Since Cameron waived his Euro deal to the British public calling them to vote to stay in the Union, Brexit has been the topic of conversation and a new and powerful macro theme emerged in the financial markets. Cameron’s government has splintered with hostile reactions and political repercussions in the making, the great British Pound has been losing value, and a political debate has been stirred that goes far beyond the borders of the United Kingdom.
The European Union is but a name. Fiscal unity is a seemingly impossible dream given the disparities between the north and southern zones. The still recent Grexit debate and its potential danger to the EZ should remind us that there are many other politically motivated groups appearing within the EZ countries waiting in the wings and at every level, including the supporters, we have to acknowledge that they have all developed their own ‘each man for themselves’ approach, now hardly masked.
It is not just fiscal issues and weaknesses that dog the existence of the Eurozone, but an increasingly complex and expanding migrant crisis. Whilst the debate rages in the UK, and there is a long way to go, we should consider that the Eurozone itself faces the biggest danger.
Xits and Pips: The Thin End Of The Wedge
My starting point is always to assess the bigger picture sentiment. Risk-on or risk-off? Now so easily shifted from one direction to another, it requires a constant monitoring. Last week, supported by optimism of oil price rises , or at least stabilisation and much stronger data out of the US economy we saw a move away from risk aversion.
That doesn’t mean it will stay that way. The ‘big three’ continue to dictate the course of short term sentiment, the Oil market, Equities (particularly the S&P500) and the USD. It is already looking more negative as the week starts after a tepid G20.
It does seem we are closer to an Opec and non-opec agreement to freeze prices. If that agreement is reached, and it is still a big if, with Iran and Iraq still on the sidelines, prices will be frozen at January levels. We heard from the Nigerian oil minister over the weekend that we could be looking at $40to $50 dollars a barrel again, but that may be optimistic. Talking up the market will not help in any way and will just promote more volatility. Still, it is a step in the right direction and may provide enough optimism to buoy up risk appetite for a while at least.
Interesting level by the end of the week:
The question of how January’s levels will reduce supply sufficiently to impact the price is one thing. It is quite another to expect demand to suddenly correct itself and indeed it is there that a great deal more time and the beginnings of some sort of global growth are needed to make any significant changes. None are obvious yet and none seen in the thie weekend’s rather concerned G20 membership.
Not surprisingly, global equities and the particularly the S&P 500 have followed the Oil lead, but as we have frequently discussed here Equity markets have their own inherent weaknesses that makes them more vulnerable to down moves which can trigger more aversion.

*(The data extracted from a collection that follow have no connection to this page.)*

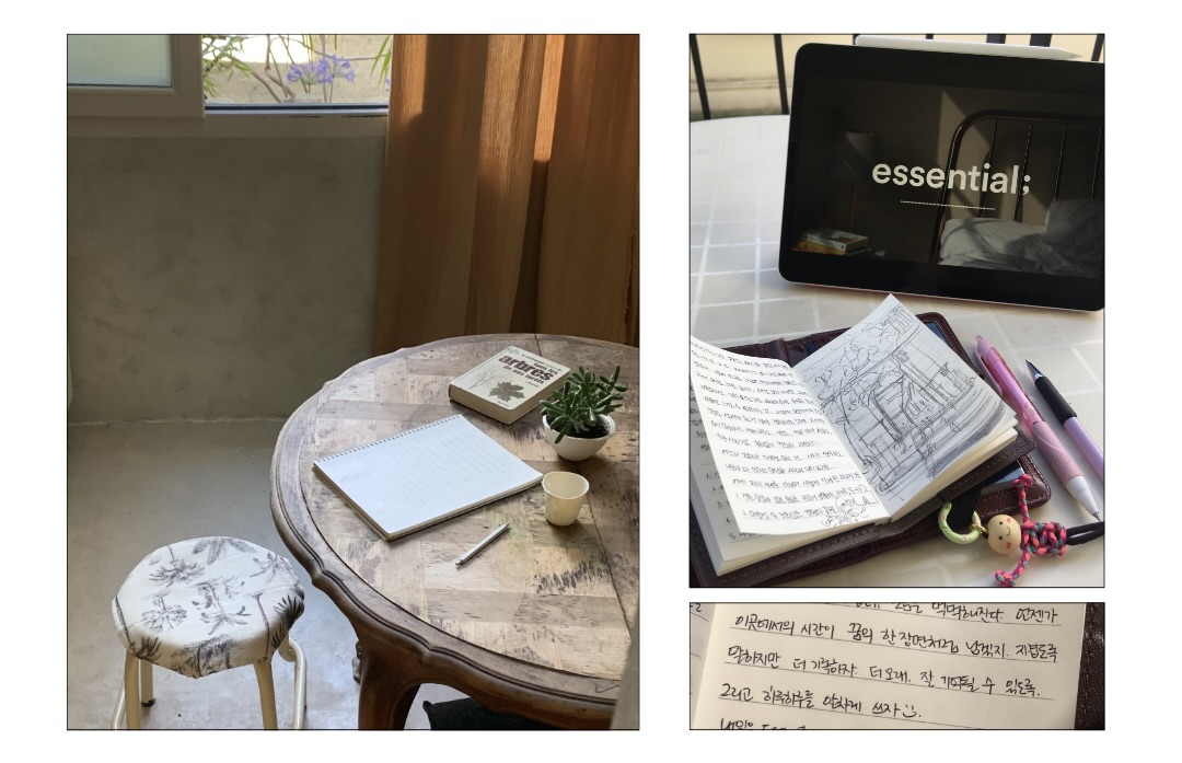 일기를 취미라고 인식한 건 얼마 되지 않았어요. 고등학생 때는 스터디 플래너에 하루를 돌아보는 피드백을 쓰는 게 습관이었고, 대학생이 된 후에는 복잡한 생각을 정리하기 위해 자연스럽게 일기를 써왔어요. 그러다 문득 일기를 쓰는 시간이 행복하게 느껴지더라고요. 스스로를 다독이기도 하고, 신세한탄을 하기도 하며, 내가 무엇에 행복을 느끼고, 힘들 땐 어떤 생각을 하는 사람인지 알게 되면서 이게 제 취미라는 걸 깨닫게 되었어요.
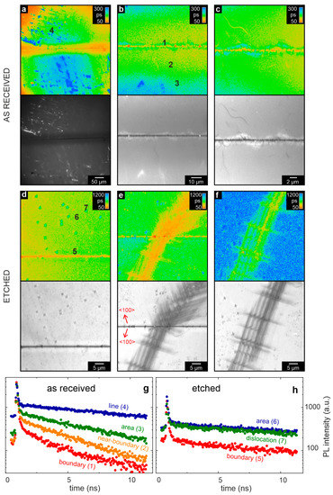 In the following, we focus on an investigation of the photoluminescent properties of the bicrystal, as observed initially in the as-received state. From each measurement region, the photoluminescence lifetime and intensity maps are depicted in Figure 11a–c, together with the decay traces of selected spots in Figure 11g. In the photoluminescence maps, the bicrystal junction can clearly be identified as a narrow, straight region of lower photoluminescence intensity. Along the boundary, an arrangement of spots can be observed that has a shorter lifetime than the surrounding. Those spots were occasionally embedded in structures with a meander-like shape and longer lifetime. An explanation for these observations could be that the mobility of the charge carriers along the dislocations is enhanced. Hence, the excited carriers can be effectively transported to recombination centers, resulting in shorter exciton lifetimes.
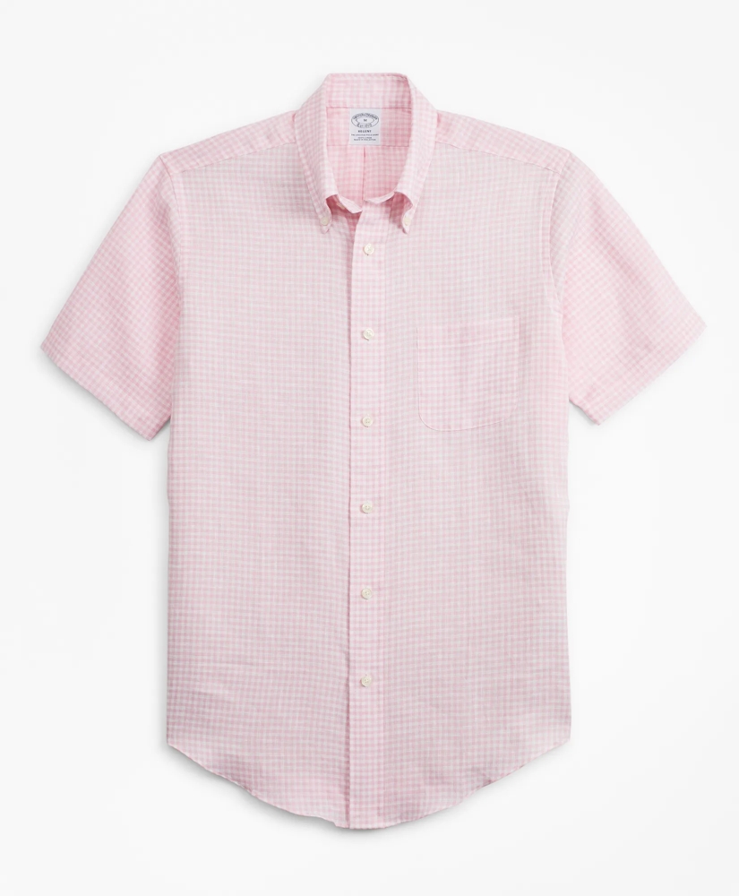 Regent Regular-Fit Sport Shirt, Gingham Irish Linen Short-Sleeve

The financial sector has been the weakest in terms of recent results. Threatened by both negative rates which have caused heavy losses and by the damaged energy sector, failing smaller enterprises and defaults on loans, Profit in the S&P companies fell 3.5% in the last quarter and forecasts have been slashed in this quarter.
This is a weekly view of the FTSE world index for the purposes of a year on year comparison:
This has been an better week and fir the S&P some pullbacks in the positive direction even with the move down into the close, no doubt digesting the implications of Fed hike possibilities coming back into play, but we have to watch the upcoming resistance area and any further signs of weakening resilience.
The US Dollar
Finally some good positive data to give the fed some justification for the rate hike outlook. GDP came in at 1% soundly beating the estimate, core durable goods also beat the number and PCE which was shown last week as a comparison to CPI, came in at 0.3% and another positive. There is non farm data this week so any follow through in strength will re-establish the monetary policy divergence between the US and the rest of the global economies. The USDX enjoyed the news
Even the Fed Funds rate is now showing the gap between their expectation and Fed policy is narrowing.
The Dollars ‘punishment’ mostly in January, came from the disappointment in data the growing concerns of global weakness undermining their fragile growth and the fear of the FOMC having to back track. With renewed hope on this week’s data the perspectives have changed.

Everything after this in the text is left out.